When I first looked at the website for Amanda’s salon, the cost of a haircut was listed at $49 — palatable for a cash-strapped millennial. The bottom line of the price list has an asterisk and a vague reference to an additional “relaxed/natural hair” charge, but because my hair isn’t relaxed, I didn’t think that was speaking to me. And because I’m a little defiant, I neglected to call the salon for the “relaxed/natural hair” pricing ahead of my first appointment. I reasoned that all hair is natural, unless it isn’t.

So when I paid $82, not including tip — a $33 premium from the advertised price — on my initial visit, I was shocked. What do you say when an acclaimed business tells you that the hair that you were born with is too difficult? That the curly and coil-y legacy, gifted to you by your parents, is a burden to the professionals trained to treat it? That you ought to be financially penalized for this?

Hair care for women is a big deal. But hair care for black women is everything. What sits on top of our head is intrinsically linked to a mood, a personality, and worse yet, an identity. Some of our oldest memories rest on the nostalgia of sitting between our mother’s thighs as she styled our hair. The innocence of hair fades as we grow older and then frustrated when it fails to obey the will of a comb and conditioner. Sometimes, in the comfort of our homes, we complain about the heavy burden society places on our shoulders to conform to a certain look — the blown-straight, flat-ironed-to-oblivion-look. Sometimes we don’t realize when we perpetuate that burden ourselves. A petition to comb Blue Ivy’s hair is a perfect example of this.

Because hair — the styling of it, the protecting of it, and the maintenance of it — is so mind-bogglingly important, we sometimes mute the timid voice inside that says pricing based on one’s race is inherently wrong; that implores you to look for another salon that won’t charge an extra fee for black hair.

In 2004, Paulette Harris was charged $21 for a haircut at a Baltimore-area salon.
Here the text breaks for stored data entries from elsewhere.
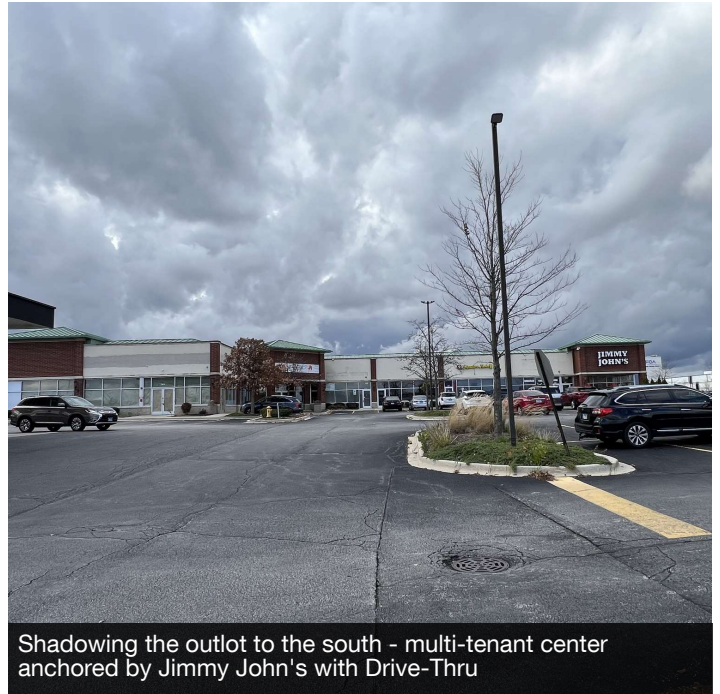
Shadowing the outlet to the south - multi-tenant center anchored by Jimmy John's with Drive-Thru
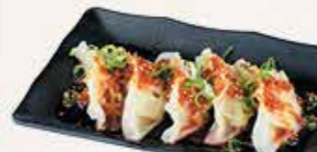
Steamed Chili Gyoza £7.5 • £6 HH
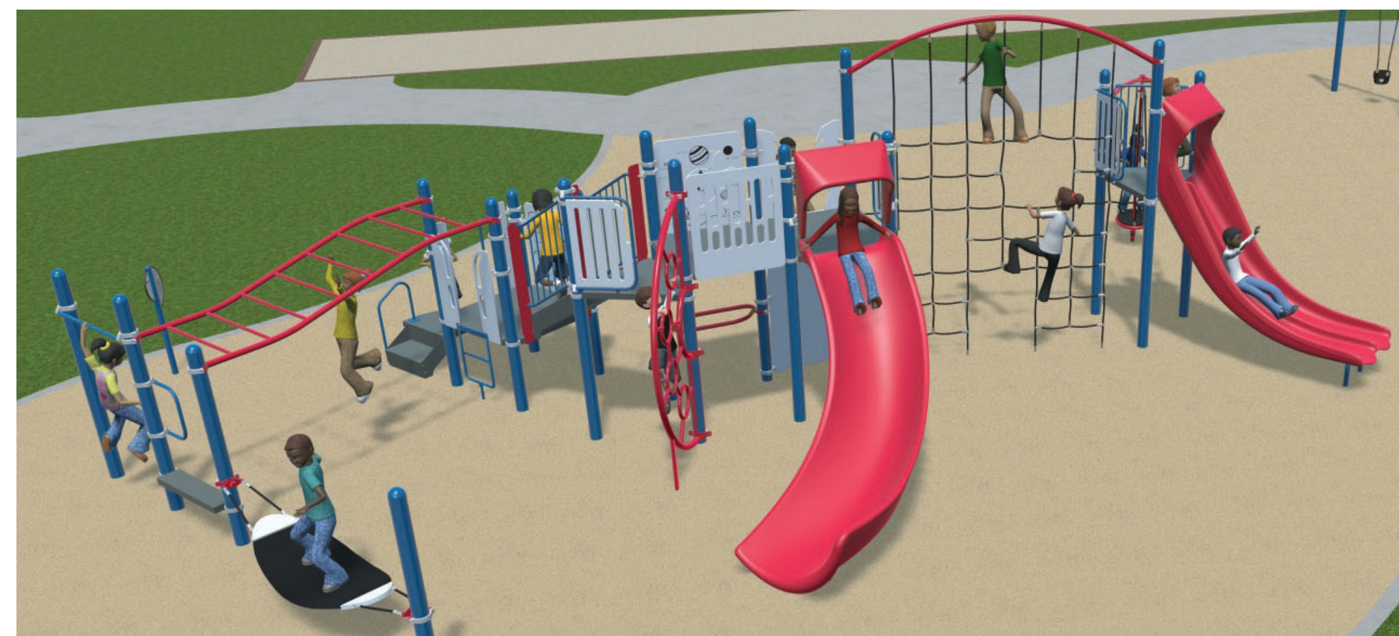
A. Main Structure - view 2
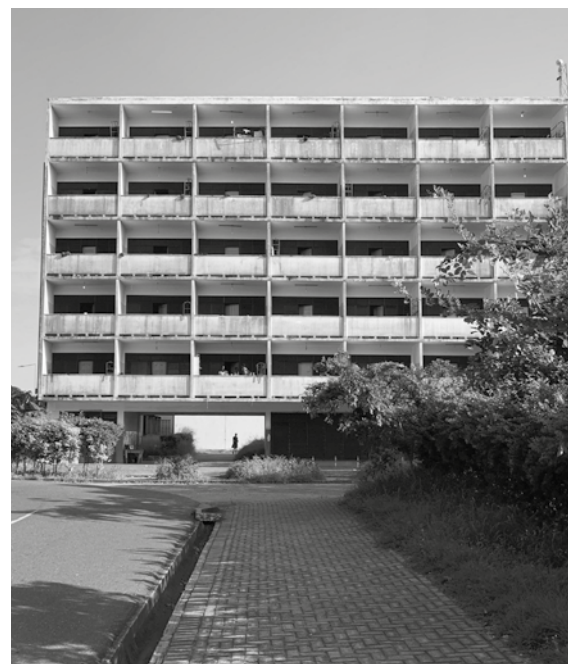
18 Accommodation block, University of Ghana, Legon, Ghana.
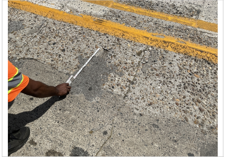
Spalls with exposed rebar in the deck span 2,3 and 4
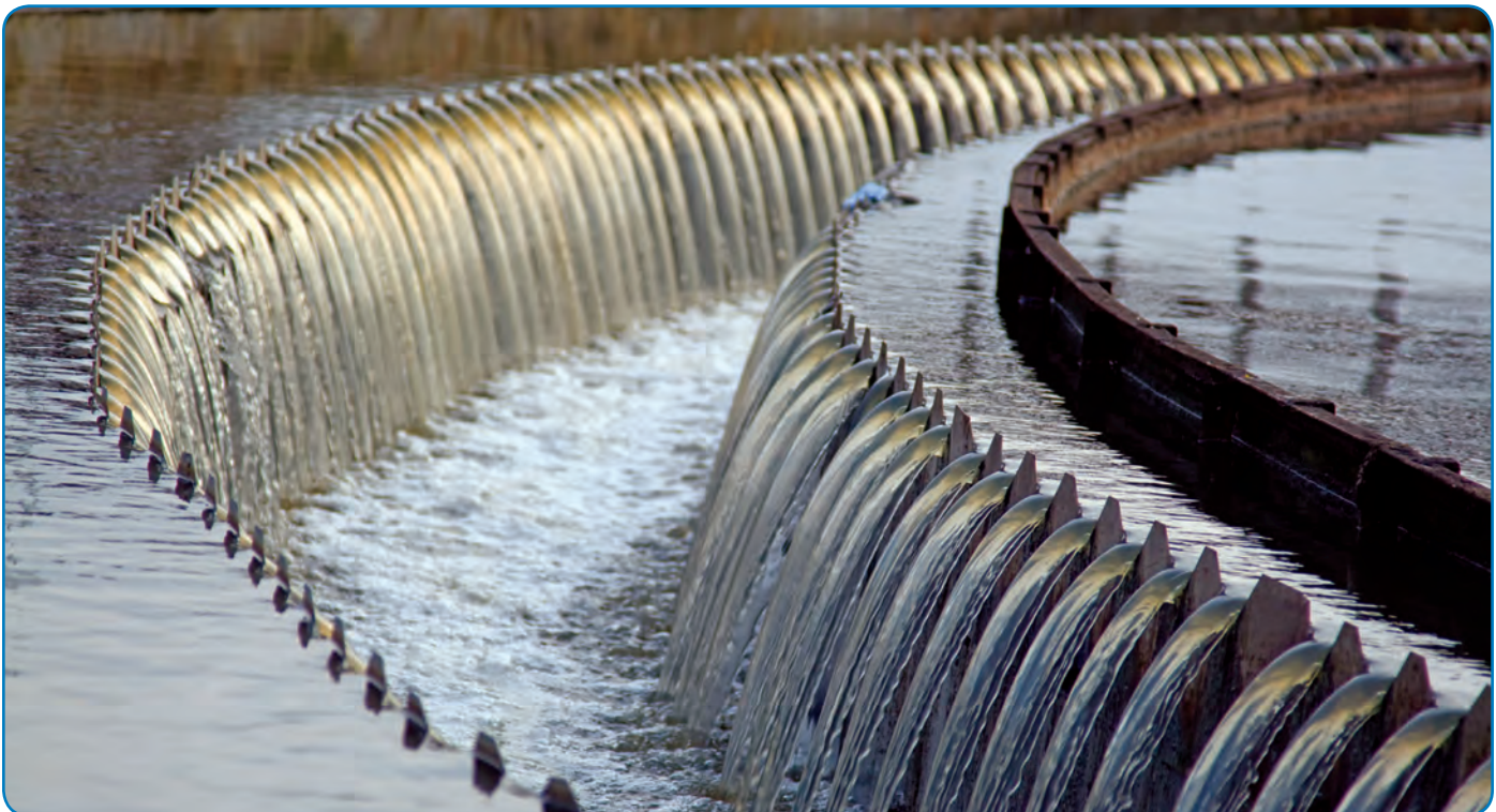
Wastewater waterfalls: secondary treatment of sewage or industrial wastewater through use of aerating mixers/diffusers.
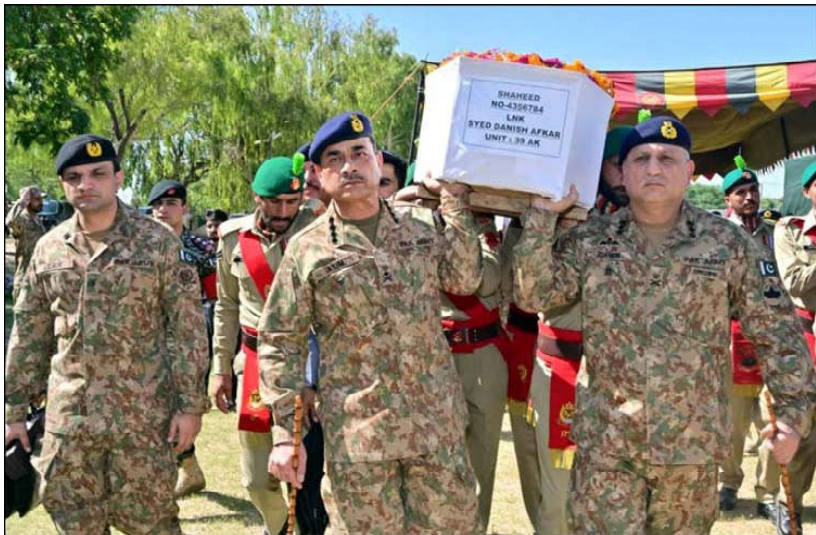
PESHAWAR: Chief of the Army Staff General Syed Asim Munir attending funeral prayers of soldiers who embraced Shahadat during an intense exchange of fire with terrorists at general area Bagh, Khyber district
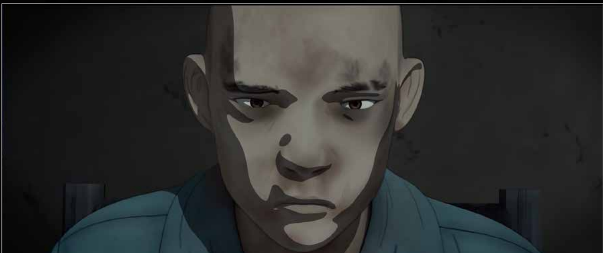
Still 9: Liang in captivity.
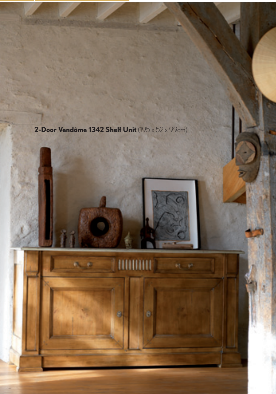
2-Door Vendôme 1342 Shelf Unit (195 x 52 x 99cm)
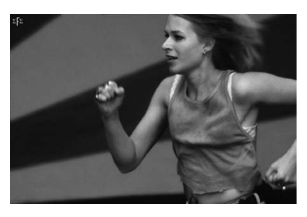
Run Lola Run

otherwise he's dead. Three times we see her start on her "race to the rescue," each time one slightly different micro-incident radically changes the course of events. The first time she arrives too late and Manni is killed by the police, the second time, she is killed trying to shield him, and the third time, she arrives in time, and Manni himself has found the money he had lost to a tramp. It is like winning the jackpot in a computer game that re-sets itself after each bout, but here balanced by the agonized pillow-talk between Lola and Manni separating the segments: "Why do you love me? – Why me?" Lola asks, to which Manni
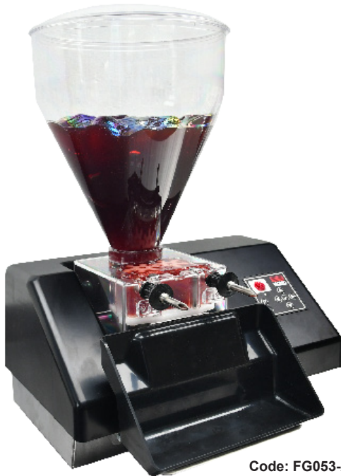
Code: FG053-A21 (base unit)

The listed price was $13. She was told her hair was too “ethnic” and that the additional fee was required. She responded with a lawsuit against the chain, Hair Cuttery, citing an intentional infliction of emotional distress. She lost her case. Harris didn’t fare much better than Brenda McElmore, who was told her local JCPenny salon didn’t style black hair at all.

It’s difficult to understand how racial price discrimination can persist with such gusto in the 21st century. Gender price discrimination for goods and services, after all, is illegal in most municipalities and states (although not federally), and enforced with rigor. A 2012 raid on 103 salons in New York is but one example of how gender price disparities are actively monitored by authorities.

I called my former salon, asking why black women were charged more. A cheerful receptionist explained that styling natural hair was “harder” and required a special skill set. She said that the fee included a deep-conditioning treatment (a claim she later recanted when I told her I never received such a treatment), and that natural hair typically required the aid of a flatiron, which was linked to a $13 fee.

Last year the market research firm Mintel announced that the U.S. black-hair-care market had ballooned to a $684 million industry. As it turns out, more than half of black women are willing to pay higher prices for quality hair care. Which brings me back to my former salon in D.C. Each visit was an amalgam of satisfaction and regret. After a year and some change, I could no longer stand to bear the insulting burden of the extra fee. The black-hair tax, it turns out, was a receipt I couldn’t pay in full.

Correction: An earlier version of this article identified the black hair-care market as a $684 billion industry. Mintel put the size of the industry at $684 million.